A private relayer network acts as a middleware layer between your dApp's frontend and the blockchain. Instead of users signing and sending transactions directly from their wallets (which requires them to hold native gas tokens), the frontend sends a signed meta-transaction to your relayer endpoint. This meta-transaction contains the user's intent (e.g., swap, mint) and a signature, but lacks gas payment details. Your relayer network is responsible for wrapping this intent in a new transaction, paying for the gas, and broadcasting it to the network. This architecture is fundamental for gasless UX, onboarding, and complex transaction batching.

To integrate, your frontend must be configured to use a custom RPC provider or a dedicated SDK. For networks like Polygon, you might use the @biconomy SDK to create and send userOp objects for Account Abstraction. For EVM chains, you can use the ethers.js JsonRpcProvider pointed to your relayer's API endpoint. The core frontend flow involves: 1) constructing the transaction data with the user's wallet, 2) signing the data (often a EIP-712 structured message), and 3) sending the signed payload via HTTP POST to your relayer's /relay endpoint. The relayer returns a transaction hash once it submits the sponsored tx on-chain.

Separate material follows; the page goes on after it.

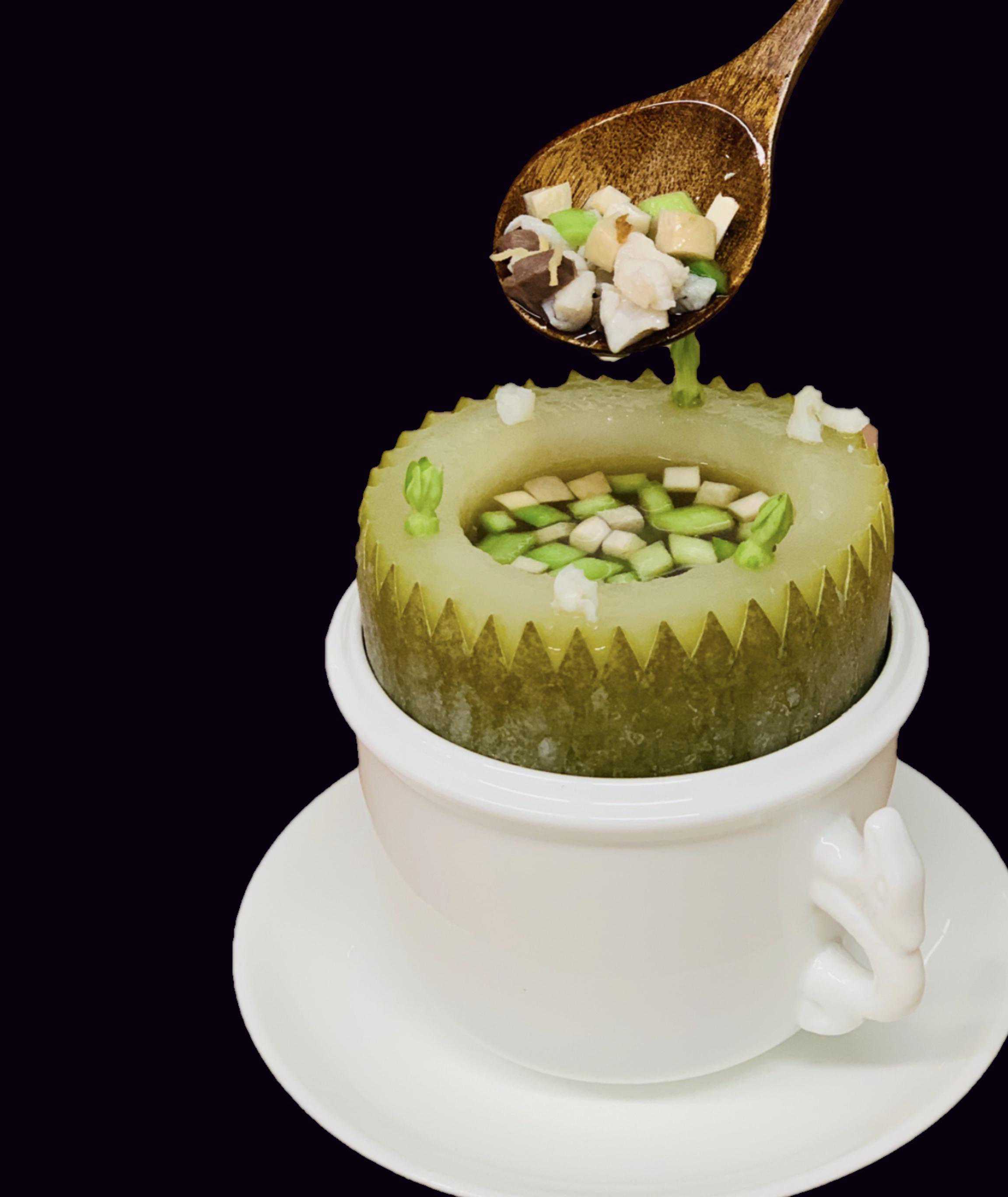 每逢大暑小暑,很多老广都会想起冬瓜盅这道名菜,广州不少餐厅在夏季都会推出自己的特色冬瓜盅。越华路珠江国际大厦的龙庭琇厨是不少美食家口中“专做心机菜”的精致餐馆,行政总厨邱金玉最近围绕冬瓜这个主题推出了两款时令菜:

Here is a simplified code example using ethers.js and a hypothetical relayer API:

javascriptCopy
import { ethers } from 'ethers';

// 1. User signs the meta-transaction data
const userSignature = await signer._signTypedData(
  domain, // EIP-712 domain
  types,   // EIP-712 types
  payload  // The transaction intent
);

// 2. Send to private relayer
const relayResponse = await fetch('https://relayer.your-dapp.com/relay', {
  method: 'POST',
  headers: { 'Content-Type': 'application/json' },
  body: JSON.stringify({
    signature: userSignature,
    payload: payload,
    userAddress: signer.address
  })
});

const { txHash } = await relayResponse.json();
// 3. Monitor the relayed transaction
const receipt = await provider.waitForTransaction(txHash);

This pattern decouples signing from submission, which is the key to gasless experiences.

Security is paramount when integrating a relayer. Your frontend must validate the relayer's response and implement error handling for failed transactions. Always use HTTPS for all API calls. The relayer should implement rate limiting, nonce management, and signature verification to prevent replay attacks. For production dApps, consider using established infrastructure like OpenGSN (Gas Station Network), Biconomy, or Stackup which provide battle-tested SDKs and dashboard for managing relay policies, instead of building your own from scratch. These services handle the complexities of gas estimation, nonce conflicts, and transaction queuing.

Finally, monitor the integration's performance. Track metrics like relay latency, transaction success rate, and gas sponsorship costs. Provide clear user feedback in the UI—inform users when a transaction is being relayed and when it's confirmed on-chain. A well-integrated relayer network should be invisible to the end-user, resulting in a seamless Web3 experience where complex blockchain interactions feel as simple as clicking a button on a traditional web application.